The metaphysical waters are deep here, and an investigation into the adequacy of this sort of proposal is beyond the scope of this essay. However, to the extent that one wants to maintain both some sort of possible worlds semantics for counterfactuals which is based on similarity relations between worlds (and most philosophers agree with this sort of account), and one wants to maintain that not all counterpossibles are trivially true, one might think something like Vander Laan's proposal has to be correct. If one wants to maintain that the dependence of abstracta on God entails that certain counterpossibles are true, but not all, and not all trivially-so, a semantics like Vander Laan's is most promising.
We have noted three different manners whereby abstract objects may depend on God: (1) The Cartesian model, (2) The Leibnizian-cum-simplicity model (held by the Medievals), and (3) The Leibnizian model. The last model, the Leibnizian model on which abstract objects exist “in God's mind” (this is a metaphor, of course, if “in” is equivalent to “inside”), is the model which holds out the most promise (or so think most contemporary philosophers of religion). Accepting that God makes necessary truths necessary or that God is identical with each of his attributes is a bit much for most philosophers today. We will concern ourselves, then, with a Leibnizian account.
On a Leibnizian account, divine cognitive activity (of a non-volitional sort) is responsible for the existence of abstract objects. Thomas Morris and Christopher Menzel have defended this sort of view and have dubbed the view “theistic activism” (Morris & Menzel 1986). Because it is not clear how to understand abstract objects being inside God's mind as anything more than a metaphor (which is strictly false), Morris and Menzel make the plausible claim that the relationship between God's mental activity and abstract objects is a causal one. God's thinking the thoughts he does causes abstract objects to exist. But problems arise immediately. The theistic activist claims that God causes properties such as being omniscient, being omnipotent, existing necessarily, being able to cause abstracta to exist, and having cognitive activity to exist. She also claims that God causes his own haecceity, being God, to exist. However, to claim this is to get the dependence relationship backwards. Surely, God's being able to cause abstract objects to exist must be posterior to his having properties like the ones mentioned above. And if God has these properties, they must exist. But, the proponent of this theory is committed to the existence of properties being posterior to God's causing them to exist. Thus, the objection concludes, theistic activism is false.
This sort of argument has seemed to many to be decisive. However, there is a response that the theistic activist can give at this point. It might be claimed that although God's ability to cause abstracta to exist is logically dependent on his having certain properties, it is not causally dependent. The account would be problematically circular only if God's ability to cause abstracta to exist were causally dependent on his having certain properties, and his having these properties were in turn causally dependent on his having caused these properties to exist. There is a circle of logical dependence here (as there is between any two necessary truths), but there is no circle of causal dependence.

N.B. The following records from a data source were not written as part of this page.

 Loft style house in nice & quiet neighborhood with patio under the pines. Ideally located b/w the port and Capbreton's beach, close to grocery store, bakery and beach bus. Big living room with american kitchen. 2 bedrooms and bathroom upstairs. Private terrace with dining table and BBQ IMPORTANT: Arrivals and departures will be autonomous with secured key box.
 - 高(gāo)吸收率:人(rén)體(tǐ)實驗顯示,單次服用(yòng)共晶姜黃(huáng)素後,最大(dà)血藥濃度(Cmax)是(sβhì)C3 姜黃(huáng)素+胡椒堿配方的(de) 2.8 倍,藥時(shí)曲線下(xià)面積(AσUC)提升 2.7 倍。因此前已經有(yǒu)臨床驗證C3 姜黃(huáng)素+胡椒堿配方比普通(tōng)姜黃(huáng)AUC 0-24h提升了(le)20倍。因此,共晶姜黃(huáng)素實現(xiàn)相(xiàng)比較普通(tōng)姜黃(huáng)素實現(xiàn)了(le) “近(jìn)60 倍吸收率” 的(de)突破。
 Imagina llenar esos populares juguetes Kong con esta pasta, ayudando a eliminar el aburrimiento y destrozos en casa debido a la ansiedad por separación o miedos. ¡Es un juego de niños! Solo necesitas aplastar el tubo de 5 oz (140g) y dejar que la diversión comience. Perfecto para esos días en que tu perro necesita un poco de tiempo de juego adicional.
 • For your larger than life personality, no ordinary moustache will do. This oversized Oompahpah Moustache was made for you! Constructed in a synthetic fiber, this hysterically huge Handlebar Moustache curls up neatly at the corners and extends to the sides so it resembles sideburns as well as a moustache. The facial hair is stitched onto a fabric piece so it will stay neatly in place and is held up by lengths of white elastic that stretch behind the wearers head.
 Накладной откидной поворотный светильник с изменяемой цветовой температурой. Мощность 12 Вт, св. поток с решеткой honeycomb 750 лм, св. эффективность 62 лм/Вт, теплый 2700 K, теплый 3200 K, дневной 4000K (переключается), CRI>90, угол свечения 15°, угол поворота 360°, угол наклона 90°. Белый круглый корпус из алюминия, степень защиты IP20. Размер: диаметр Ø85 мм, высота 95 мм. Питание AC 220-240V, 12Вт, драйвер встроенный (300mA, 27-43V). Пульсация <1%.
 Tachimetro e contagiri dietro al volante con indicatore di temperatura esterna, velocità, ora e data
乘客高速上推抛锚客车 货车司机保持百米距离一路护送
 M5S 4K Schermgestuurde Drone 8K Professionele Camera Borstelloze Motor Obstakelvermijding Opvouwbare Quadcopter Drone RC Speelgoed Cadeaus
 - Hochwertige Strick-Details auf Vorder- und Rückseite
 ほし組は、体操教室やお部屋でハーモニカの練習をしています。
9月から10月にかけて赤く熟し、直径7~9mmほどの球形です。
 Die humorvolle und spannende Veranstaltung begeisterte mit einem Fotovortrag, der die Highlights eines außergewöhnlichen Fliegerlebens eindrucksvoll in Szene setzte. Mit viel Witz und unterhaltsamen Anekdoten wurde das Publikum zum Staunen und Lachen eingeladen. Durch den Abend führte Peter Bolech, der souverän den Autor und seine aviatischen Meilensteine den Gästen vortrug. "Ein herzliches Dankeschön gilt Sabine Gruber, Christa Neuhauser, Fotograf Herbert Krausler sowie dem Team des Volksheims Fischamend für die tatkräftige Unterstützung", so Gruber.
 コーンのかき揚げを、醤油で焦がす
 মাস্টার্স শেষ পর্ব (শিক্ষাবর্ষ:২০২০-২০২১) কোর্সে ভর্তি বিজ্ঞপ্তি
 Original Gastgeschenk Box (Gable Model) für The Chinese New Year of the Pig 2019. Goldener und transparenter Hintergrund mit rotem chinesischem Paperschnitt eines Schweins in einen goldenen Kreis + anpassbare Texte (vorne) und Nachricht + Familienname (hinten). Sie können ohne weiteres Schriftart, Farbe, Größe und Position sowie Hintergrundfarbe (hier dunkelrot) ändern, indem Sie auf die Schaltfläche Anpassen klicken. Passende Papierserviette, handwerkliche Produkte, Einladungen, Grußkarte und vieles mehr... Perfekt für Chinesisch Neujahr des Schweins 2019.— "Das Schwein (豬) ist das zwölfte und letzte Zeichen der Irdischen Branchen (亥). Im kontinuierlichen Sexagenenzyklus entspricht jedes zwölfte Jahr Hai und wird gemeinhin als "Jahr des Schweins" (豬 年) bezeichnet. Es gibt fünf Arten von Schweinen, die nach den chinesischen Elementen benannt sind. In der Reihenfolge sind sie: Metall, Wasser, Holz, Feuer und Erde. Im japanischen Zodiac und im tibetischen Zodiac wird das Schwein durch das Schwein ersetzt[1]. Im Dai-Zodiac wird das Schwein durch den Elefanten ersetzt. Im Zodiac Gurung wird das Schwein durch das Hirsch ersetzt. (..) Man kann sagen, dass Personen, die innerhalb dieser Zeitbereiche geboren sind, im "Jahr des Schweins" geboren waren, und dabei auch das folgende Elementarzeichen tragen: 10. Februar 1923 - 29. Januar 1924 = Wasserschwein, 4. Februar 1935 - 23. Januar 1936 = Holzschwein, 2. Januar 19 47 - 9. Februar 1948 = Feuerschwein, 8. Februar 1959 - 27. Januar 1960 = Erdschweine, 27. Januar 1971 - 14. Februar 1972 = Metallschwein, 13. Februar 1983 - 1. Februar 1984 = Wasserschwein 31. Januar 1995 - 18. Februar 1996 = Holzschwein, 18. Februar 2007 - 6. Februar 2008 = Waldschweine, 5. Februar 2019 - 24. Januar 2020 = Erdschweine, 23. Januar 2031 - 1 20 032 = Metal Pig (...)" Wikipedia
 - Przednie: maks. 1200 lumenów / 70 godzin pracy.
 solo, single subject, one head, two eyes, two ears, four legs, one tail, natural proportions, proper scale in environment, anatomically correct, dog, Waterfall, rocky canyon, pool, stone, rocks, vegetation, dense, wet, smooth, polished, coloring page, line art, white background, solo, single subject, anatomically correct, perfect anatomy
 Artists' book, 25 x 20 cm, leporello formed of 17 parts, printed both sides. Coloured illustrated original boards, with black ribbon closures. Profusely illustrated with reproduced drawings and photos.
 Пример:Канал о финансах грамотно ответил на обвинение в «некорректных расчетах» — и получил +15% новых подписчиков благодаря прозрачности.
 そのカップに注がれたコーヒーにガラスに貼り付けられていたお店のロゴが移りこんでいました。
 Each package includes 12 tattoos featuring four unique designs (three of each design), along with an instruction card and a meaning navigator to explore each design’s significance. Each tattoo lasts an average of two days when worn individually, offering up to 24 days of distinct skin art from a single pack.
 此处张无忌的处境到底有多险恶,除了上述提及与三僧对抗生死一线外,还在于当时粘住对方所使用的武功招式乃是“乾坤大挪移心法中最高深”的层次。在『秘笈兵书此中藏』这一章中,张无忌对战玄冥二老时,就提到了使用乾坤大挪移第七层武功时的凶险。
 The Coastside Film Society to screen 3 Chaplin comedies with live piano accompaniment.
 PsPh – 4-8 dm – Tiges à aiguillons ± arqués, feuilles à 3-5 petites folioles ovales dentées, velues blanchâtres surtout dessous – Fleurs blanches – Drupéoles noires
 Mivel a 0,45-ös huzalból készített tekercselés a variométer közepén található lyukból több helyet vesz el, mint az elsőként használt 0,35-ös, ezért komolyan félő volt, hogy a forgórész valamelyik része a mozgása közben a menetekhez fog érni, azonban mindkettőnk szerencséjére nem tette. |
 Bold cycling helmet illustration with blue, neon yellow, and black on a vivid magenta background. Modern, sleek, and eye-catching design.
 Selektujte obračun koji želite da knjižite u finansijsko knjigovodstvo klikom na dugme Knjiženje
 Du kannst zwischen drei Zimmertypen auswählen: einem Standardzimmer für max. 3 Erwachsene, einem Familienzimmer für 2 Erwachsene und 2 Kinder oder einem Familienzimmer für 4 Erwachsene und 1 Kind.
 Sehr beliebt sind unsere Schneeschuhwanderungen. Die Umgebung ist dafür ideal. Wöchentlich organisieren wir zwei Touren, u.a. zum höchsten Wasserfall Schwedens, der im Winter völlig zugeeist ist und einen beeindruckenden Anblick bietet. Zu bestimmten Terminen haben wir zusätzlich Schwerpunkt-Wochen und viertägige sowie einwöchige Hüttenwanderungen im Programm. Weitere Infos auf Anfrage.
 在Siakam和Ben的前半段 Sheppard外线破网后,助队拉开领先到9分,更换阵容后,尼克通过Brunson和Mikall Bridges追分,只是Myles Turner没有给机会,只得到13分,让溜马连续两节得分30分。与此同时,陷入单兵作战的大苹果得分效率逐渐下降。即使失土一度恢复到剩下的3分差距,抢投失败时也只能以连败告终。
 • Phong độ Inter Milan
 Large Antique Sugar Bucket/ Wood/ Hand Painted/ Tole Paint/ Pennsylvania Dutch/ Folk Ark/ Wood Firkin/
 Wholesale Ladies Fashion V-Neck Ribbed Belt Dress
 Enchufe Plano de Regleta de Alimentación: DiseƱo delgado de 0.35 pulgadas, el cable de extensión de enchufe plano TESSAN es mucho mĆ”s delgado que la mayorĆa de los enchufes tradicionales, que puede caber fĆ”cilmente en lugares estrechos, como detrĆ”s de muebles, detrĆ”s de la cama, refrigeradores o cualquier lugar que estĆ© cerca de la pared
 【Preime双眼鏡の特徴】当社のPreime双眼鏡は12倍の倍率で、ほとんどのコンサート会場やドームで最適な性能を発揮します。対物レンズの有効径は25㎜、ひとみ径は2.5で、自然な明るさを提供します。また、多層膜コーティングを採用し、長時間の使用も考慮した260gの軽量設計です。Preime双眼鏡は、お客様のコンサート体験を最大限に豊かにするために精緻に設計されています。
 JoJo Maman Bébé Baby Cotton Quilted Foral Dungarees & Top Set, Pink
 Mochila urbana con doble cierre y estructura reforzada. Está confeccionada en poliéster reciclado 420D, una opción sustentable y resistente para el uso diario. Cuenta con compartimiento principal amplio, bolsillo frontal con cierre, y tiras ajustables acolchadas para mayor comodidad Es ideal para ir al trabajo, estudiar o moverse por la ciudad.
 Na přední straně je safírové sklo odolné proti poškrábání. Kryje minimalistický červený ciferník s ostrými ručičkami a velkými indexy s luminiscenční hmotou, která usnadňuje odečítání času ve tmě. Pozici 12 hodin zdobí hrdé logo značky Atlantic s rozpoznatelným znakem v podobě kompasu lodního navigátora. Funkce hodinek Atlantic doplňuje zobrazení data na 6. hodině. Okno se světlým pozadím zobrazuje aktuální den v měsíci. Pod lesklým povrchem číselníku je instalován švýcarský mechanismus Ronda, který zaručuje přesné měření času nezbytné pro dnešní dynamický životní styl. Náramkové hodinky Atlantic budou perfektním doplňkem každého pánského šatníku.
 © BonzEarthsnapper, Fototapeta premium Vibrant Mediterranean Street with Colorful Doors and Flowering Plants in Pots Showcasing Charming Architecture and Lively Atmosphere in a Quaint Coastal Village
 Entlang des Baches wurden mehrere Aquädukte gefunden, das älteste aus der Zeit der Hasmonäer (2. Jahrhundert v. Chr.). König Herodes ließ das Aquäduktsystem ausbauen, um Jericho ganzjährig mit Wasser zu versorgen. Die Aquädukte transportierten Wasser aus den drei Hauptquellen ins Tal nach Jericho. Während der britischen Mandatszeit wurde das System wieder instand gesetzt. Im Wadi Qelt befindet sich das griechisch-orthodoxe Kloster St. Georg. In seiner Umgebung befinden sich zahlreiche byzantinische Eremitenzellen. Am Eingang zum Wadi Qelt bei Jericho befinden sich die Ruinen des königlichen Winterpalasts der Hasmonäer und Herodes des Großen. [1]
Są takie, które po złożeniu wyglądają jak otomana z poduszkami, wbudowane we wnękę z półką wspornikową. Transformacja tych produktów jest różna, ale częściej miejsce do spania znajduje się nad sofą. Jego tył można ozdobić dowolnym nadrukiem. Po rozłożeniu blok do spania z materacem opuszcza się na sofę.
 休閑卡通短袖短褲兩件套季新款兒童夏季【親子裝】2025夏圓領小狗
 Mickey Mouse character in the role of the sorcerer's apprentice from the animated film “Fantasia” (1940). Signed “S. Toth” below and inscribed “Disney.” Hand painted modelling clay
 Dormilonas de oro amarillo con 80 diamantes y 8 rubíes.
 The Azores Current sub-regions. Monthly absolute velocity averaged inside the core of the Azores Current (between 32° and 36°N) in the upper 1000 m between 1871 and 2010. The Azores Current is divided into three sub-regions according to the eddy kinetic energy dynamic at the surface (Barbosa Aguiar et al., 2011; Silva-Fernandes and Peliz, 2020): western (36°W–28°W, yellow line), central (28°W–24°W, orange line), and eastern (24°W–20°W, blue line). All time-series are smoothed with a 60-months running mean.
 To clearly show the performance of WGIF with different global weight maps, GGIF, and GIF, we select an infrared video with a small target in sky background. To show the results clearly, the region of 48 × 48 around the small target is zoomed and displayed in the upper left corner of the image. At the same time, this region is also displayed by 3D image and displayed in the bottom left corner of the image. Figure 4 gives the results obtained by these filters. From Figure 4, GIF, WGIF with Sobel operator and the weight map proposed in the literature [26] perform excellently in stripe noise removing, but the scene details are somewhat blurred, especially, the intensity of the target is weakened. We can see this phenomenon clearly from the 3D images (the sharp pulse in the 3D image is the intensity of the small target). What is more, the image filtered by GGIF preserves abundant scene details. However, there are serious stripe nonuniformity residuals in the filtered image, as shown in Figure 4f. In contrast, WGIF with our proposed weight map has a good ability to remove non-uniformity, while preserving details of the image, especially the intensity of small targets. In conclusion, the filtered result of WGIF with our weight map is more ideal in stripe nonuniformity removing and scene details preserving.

The opponent of theistic activism might make the following retort. Certainly, the above response is right in that if there is a problem of circularity, it is one of causal circularity. Earlier, we saw that there for the theistic activist is a one-way causal relationship between God's cognitive activity and the existence of abstracta such as being the number two. We can say that the necessary existence of being the number two (or any abstract object) causally depends on God's having the cognitive activity that he does. Or, perhaps we might say that the necessary existence of being the number two causally depends on God's being omniscient, omnipotent and existing necessarily. However, the entities on which being the number two causally depends are themselves properties. On what do they causally depend? It seems that on the activist account they wind up causally depending on themselves. But this is incoherent, one might charge.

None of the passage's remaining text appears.